Некоторые зрители непрерывно аплодировали.
Мелодия песни проникала в комнату Жюли, но слов нельзя было разобрать.
В квадратной комнате с бледно-зелеными стенами стояли белая кровать, стол и стул. На окне была металлическая штора. На стене висела репродукция картины Ван Гога, изображавшей колосья пшеницы. Жюли стояла перед своим багажом: картонным чемоданом и полотняной сумкой. Это была высокая хрупкая девушка с впалыми щеками, густыми, рассыпанными по плечам черными волосами. У нее было бледное лицо с ярко накрашенным ртом. Она была красивой, но красотой несколько грубоватой. Ее можно было принять за переодетого юношу. Твидовый костюм был не по сезону теплым. Из коротких рукавов высовывались худые руки с большими смуглыми кистями.

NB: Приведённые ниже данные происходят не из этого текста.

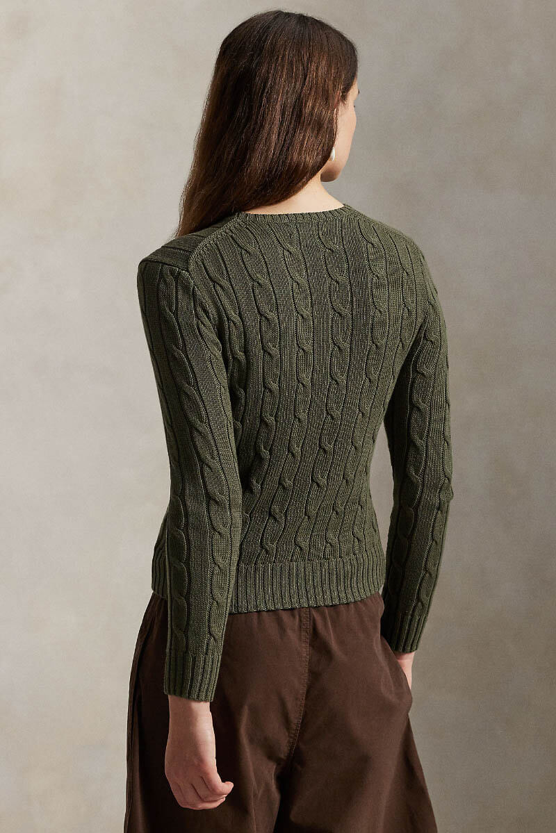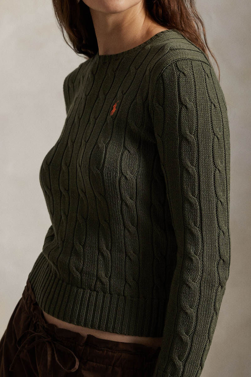 A cable knit sweater in soft cotton is the definition of luxury. Wear it over a white shirt with straight jeans and loafers, or combine with a silk skirt and coat for a look that is both casual and sophisticatedly elegant.Cable-knit top in cotton with a slim fit, round neckline, embroidered logo on the front and ribbed edges from Polo Ralph Lauren.
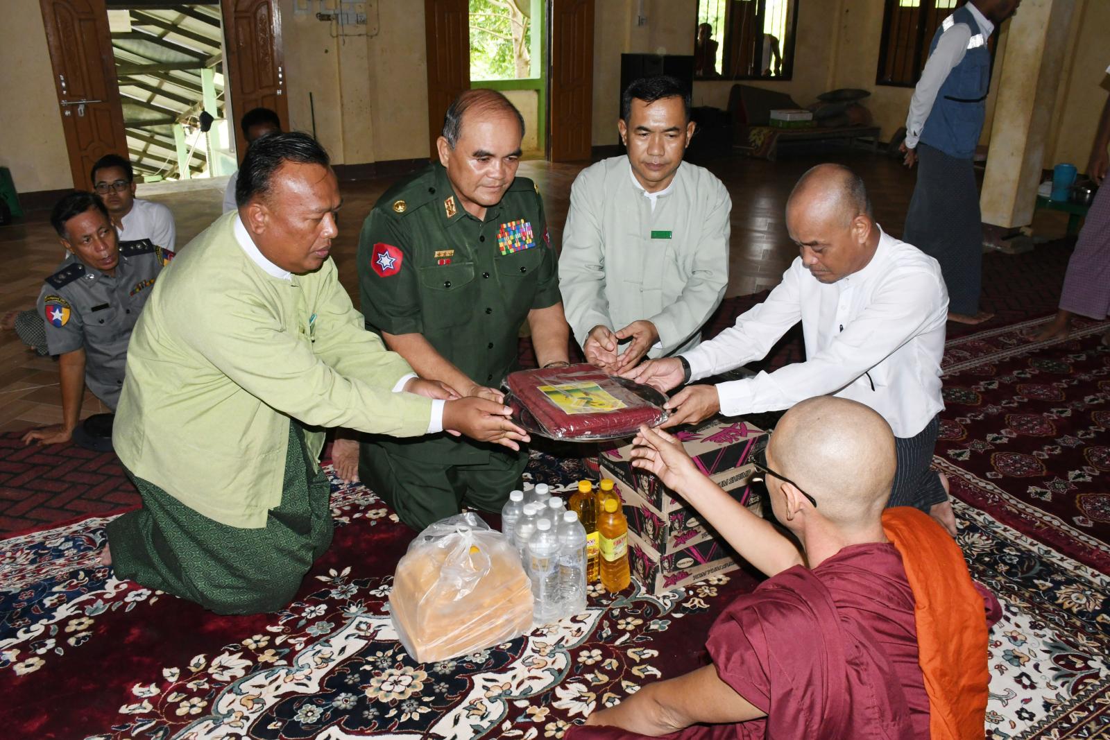 ရခိုင်ပြည်နယ်မောင်တောမြို့တွင် ပြန်လည်ထူထောင်ရေးအတွက်ရောက်ရှိနေသော ဗိုလ်မှူးချုပ်တင်ဆွေ၊ ခရိုင်စီမံအုပ်ချုပ်ရေးအဖွဲ့ဉက္ကဋ္ဌ ဦးနေဦးနှင့် တာ၀န်ရှိသူများနှင့်အတူ ဇူလိုင် ၄ ရက်နေ့ နံနက်ပိုင်းက အထူးကုဆရာဝန်များက သာသနာ့ဗိမာန်တော်ကြီးတွင် ပြည်သူများအား ကျန်းမာရေးစောင့်ရှောက်ပေးနေမှုများအား ကြည့်ရှုအားပေးပြီးဆေးကုသရန် လာရောက်ကြသည့် ပြည်သူများအား အာဟာရဖြည့်စွက်စာများ ထောက်ပံ့ပေးအပ်၊ ဘုန်းတော်ကြီးကျောင်းများအား ဝါဆိုသင်္ကန်းနှင့် လှူဖွယ်ဝတ္တူပစ္စည်းများ ဆက်ကပ်လှူဒါန်းခဲ့ကြကြောင်း သိရသည်။

В комнату вошла медсестра, крупная, похожая на лошадь женщина.
– Он приехал, – сообщила она.
– Уже?
– Вы не довольны?
– Я встревожена.
– Не волнуйтесь, милочка. У него хорошая репутация. Он занимается благотворительностью.
– Да, я знаю, – вздохнула Жюли.
Сестра подхватила чемодан, Жюли взяла сумку и последовала за ней. Выйдя наружу, женщины направились к угловой башне. Стояла чудная погода. Была весна. Перед фасадом замка Жюли заметила "линкольн". Шофер в черных очках читал газету. Он повернулся в сторону Жюли.
Женщины вошли в башню, по коридору подошли к двери, обитой белой кожей, и нажали кнопку переговорного устройства.
– Входите, входите.
Войдя в кабинет, Жюли оглядела рыжего, удивившись его моложавому виду и молодежному стилю одежды. Розенфельд поднялся ей навстречу с трубкой во рту. Лицо его было не таким веселым, как обычно.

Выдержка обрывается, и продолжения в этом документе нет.